I just reversed the order of how I calculate the brute-force digits. It takes a little longer than part 1, but still fast enough to be acceptable.
I always wondered if day 25 would be the hardest, or if the AoC gods would have mercy on Christmas Eve. I feel like they had mercy. So for this one, I once again just stuffed all the data into a 1 dimensional array and wrote some helpers around accessing the data. For each step, I make an empty map, copy over the group that is stationary, then move (or not) the group that is moving. I made a few small tweaks to improve performance:
- I use a poor man's array pool. Rather than creating new arrays and then immediately throwing them away, I toss them into a stack when I'm done with them, and pop them off when I need a new one... In reality, the stack only ever has one item in it so I could have just swapped between a pair of arrays, but that was just more logic.
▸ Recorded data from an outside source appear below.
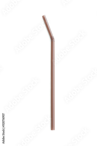 Brown plastic straw isolated on white background, Plastic drinking straw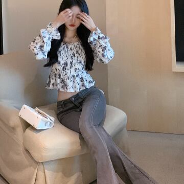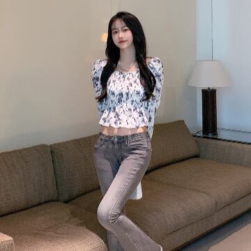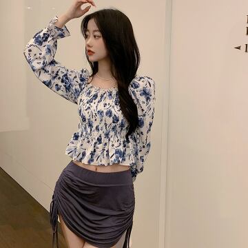 商品名にはとても長い名前がついてますが、まとめると「2WAYデザインの可愛いトップス」。オフショルダーも、シャーリングタイプも楽しめてしまう、2WAYデザインの優れものです。女性らしいフラワープリントの柄は春夏ファッションにピッタリで、セクシーなへそ出しデザインが主張がありますが、丈はショート丈で、腰高く着た時もスッキリと見えるようにデザインされています。ボリュームのある袖が、華奢で細身な体型の方でも着こなしやすいタイプに仕上がっています。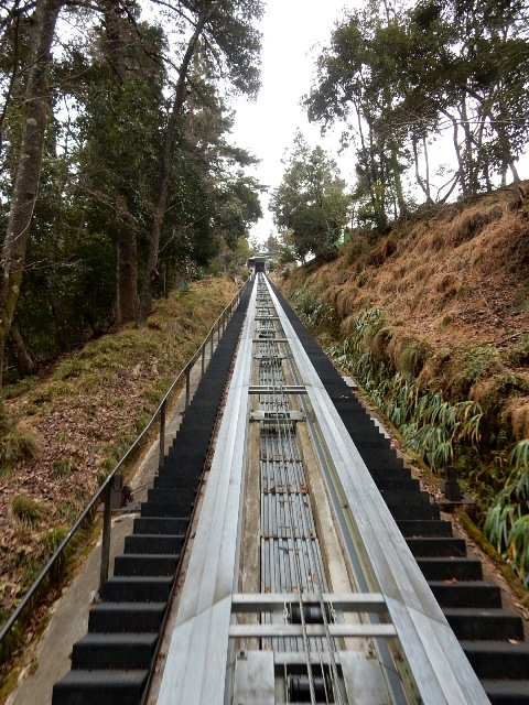 麓側の山門駅から高低差89mの多宝塔駅を約2分で結んでいます。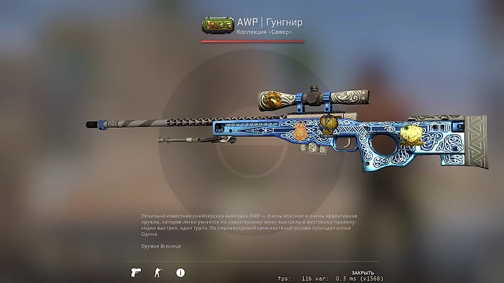 AWP «Гунгнир» стоит столько же, но у бразильца наклеен автограф бразильца HEN1 за 130 тысяч рублей. А вот наклейка «История о драконе» совсем не смотрится на таком скине, наклеить ее на «Гунгнир» – то же самое, что и надеть носки Nike к кроссовкам Adidas.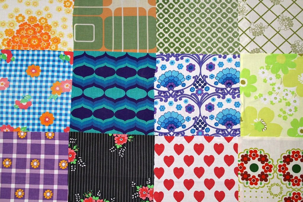 コンテンツにスキップポップな花モチーフにシックな幾何学柄ほかヴィンテージはぎれ12枚セット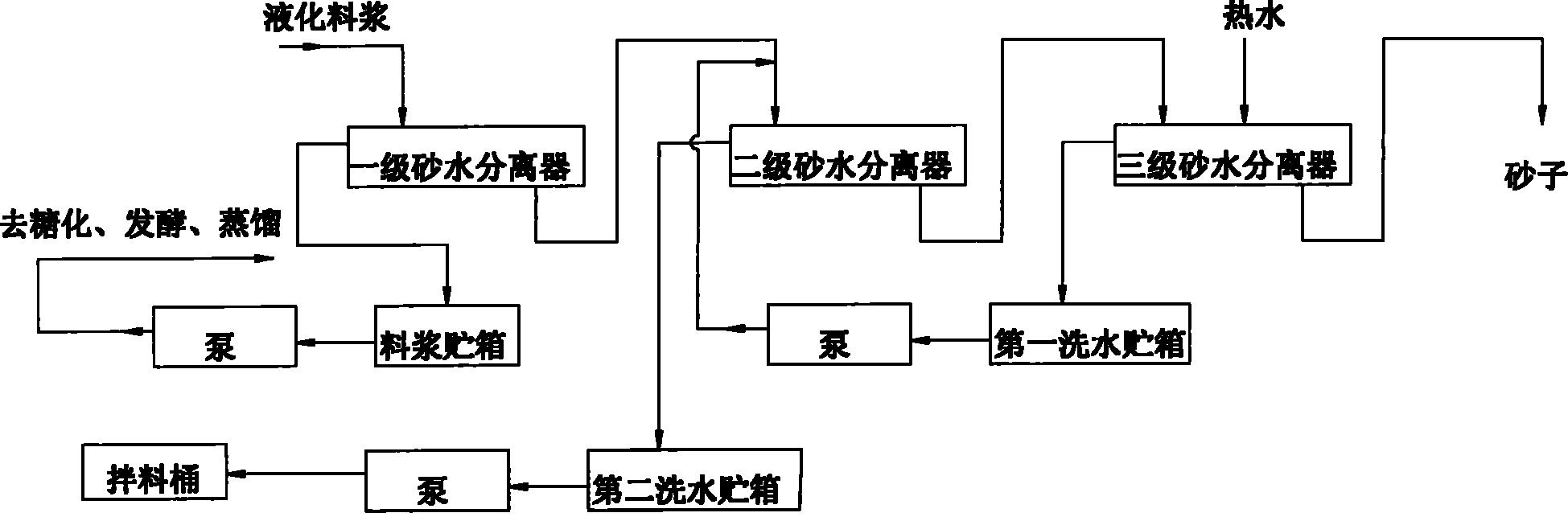 本发明涉及乙醇制备领域,公开了一种用薯类制备乙醇的方法。它基于乙醇制备装置,其特征在于,制备方法包括以下步骤:预处理;拌料;液化;除砂;生成乙醇。本发明将除砂步骤放置在液化之后,采用三级除砂工艺,工艺布置合理,除砂效果明显,乙醇收率高。

- Since I'm using a pool, I need to initialize the array. I could have to just looped through all the elements and set them to '.' manually, but instead I create an "empty" array, initialized to all '.' elements, and then copy that array into the array I want to zero out.
Did these optimizations make a significant difference? No idea. I broke the golden rule of "performancing" and added tweaks without profiling. In any case, it arrives at the answer in a reasonable amount of time.
And... I won't spoil part 2, except to say if you solved Part 1, I'm quite confident you can solve part 2.